• [Activity]: Return exactly the run of lines that begins at the line containing "JAMADAR WALA | |||" and ends at the last line of the material below; pictures stay out.

• [Collected data]:

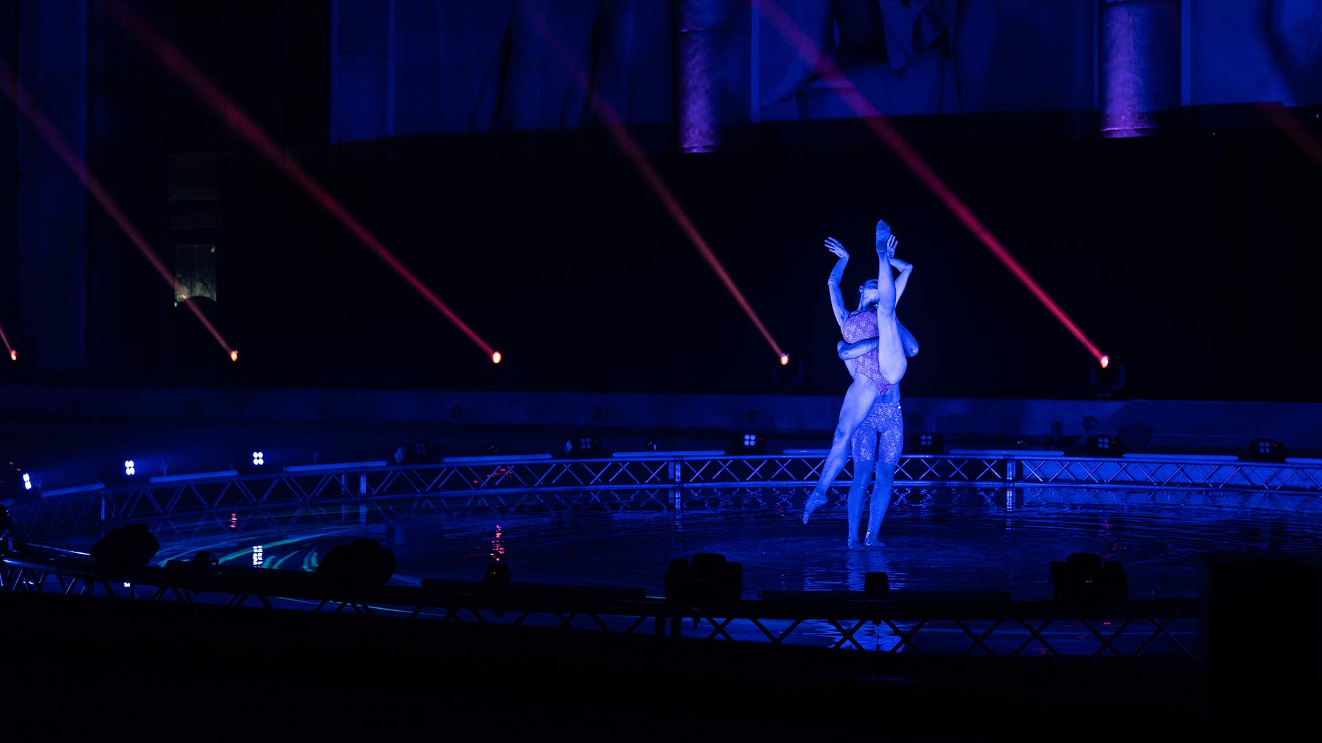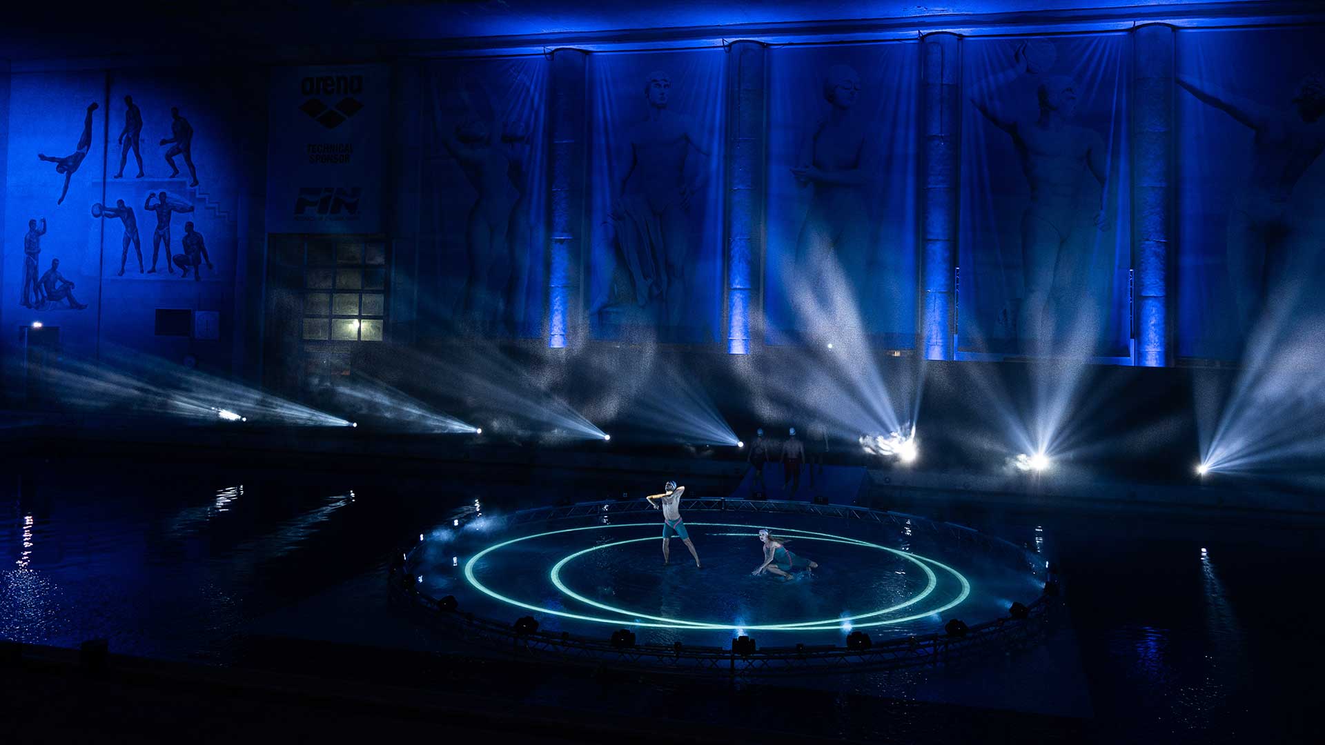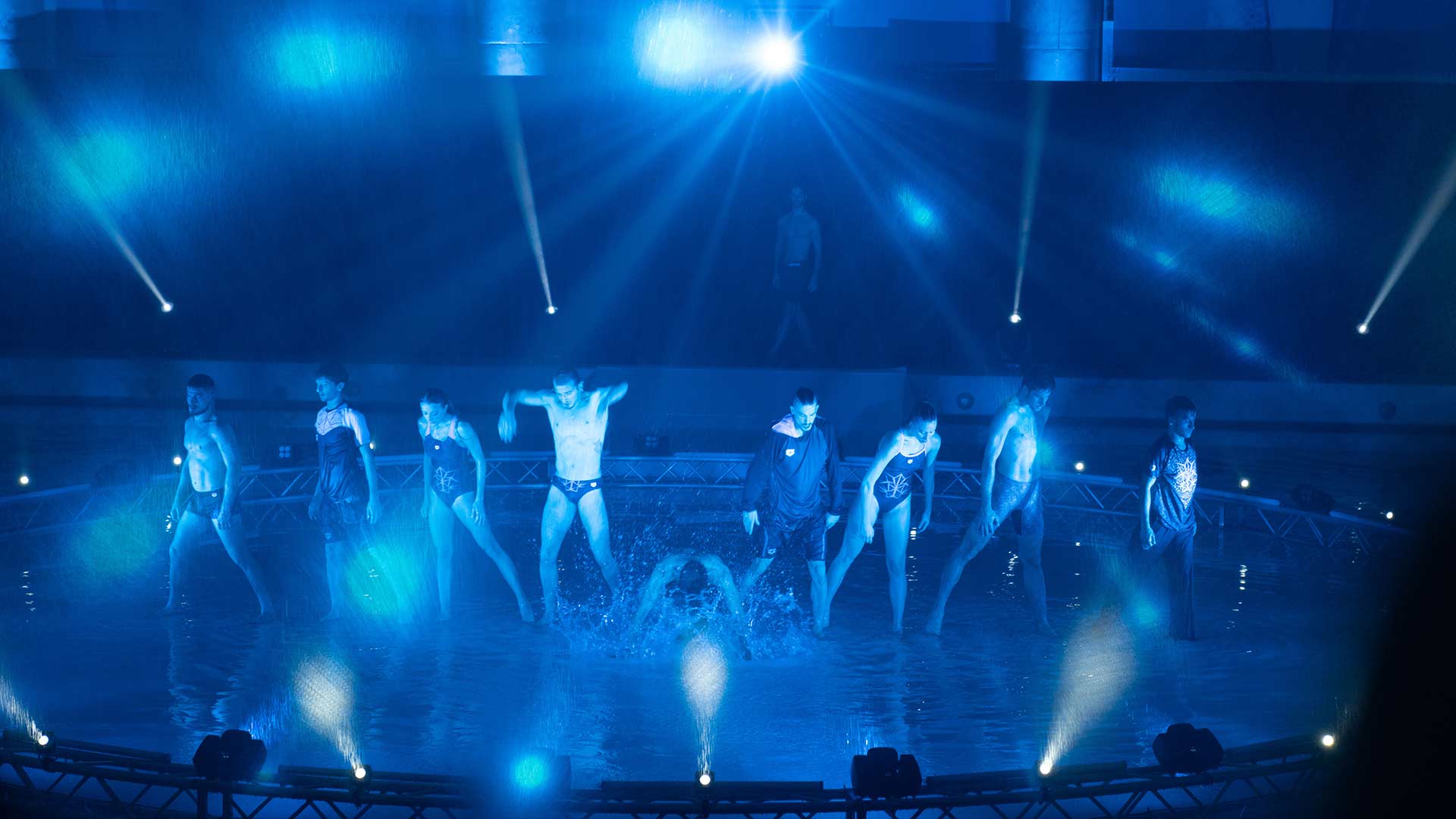 Sede del nostro show è la Piscina dei Mosaici, un’icona del nuoto italiano all’interno del Foro Italico di Roma. La sfida è stata realizzare un palco interamente in acqua per i nostri danzatori, aggiungendo interventi artistici coordinati di atleti provenienti dalla nazionale di nuoto sincronizzato e di tuffo da trampolino.
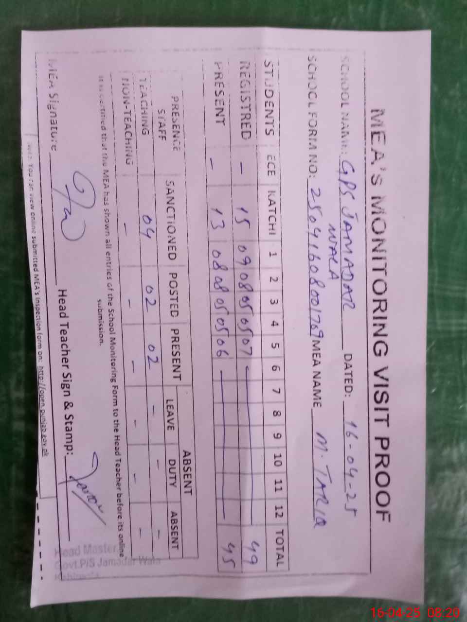 | EMIS Code: 36410653 | Name of School: GPS JAMADAR WALA | |||
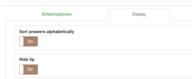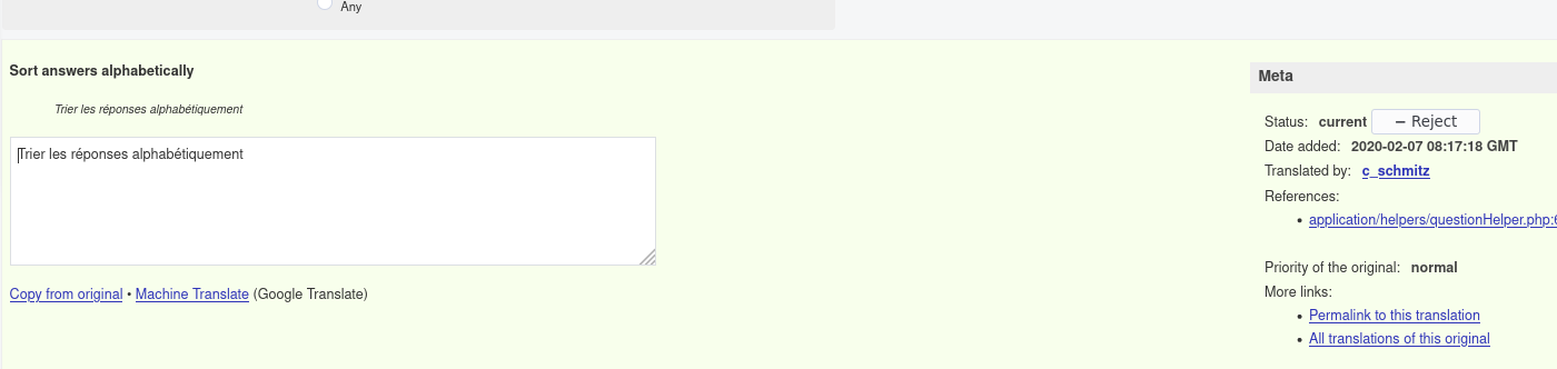 I just checked and "Sort answers alphabetically" seems to be translatable, I checked for Portuguese (Brazil) and it is even translated. Same for "Allow only numerical input...": So I am currently wondering what do you mean with "untranslateable" exactly? That you can't translate it in Glotpress or that the translation will not make it to Limesurvey? Would be great if you could clarify that, because I currently don't understand the issue. |

• [Exercise result]:
 | EMIS Code: 36410653 | Name of School: GPS JAMADAR WALA | |||
 I just checked and "Sort answers alphabetically" seems to be translatable, I checked for Portuguese (Brazil) and it is even translated. Same for "Allow only numerical input...": So I am currently wondering what do you mean with "untranslateable" exactly? That you can't translate it in Glotpress or that the translation will not make it to Limesurvey? Would be great if you could clarify that, because I currently don't understand the issue. |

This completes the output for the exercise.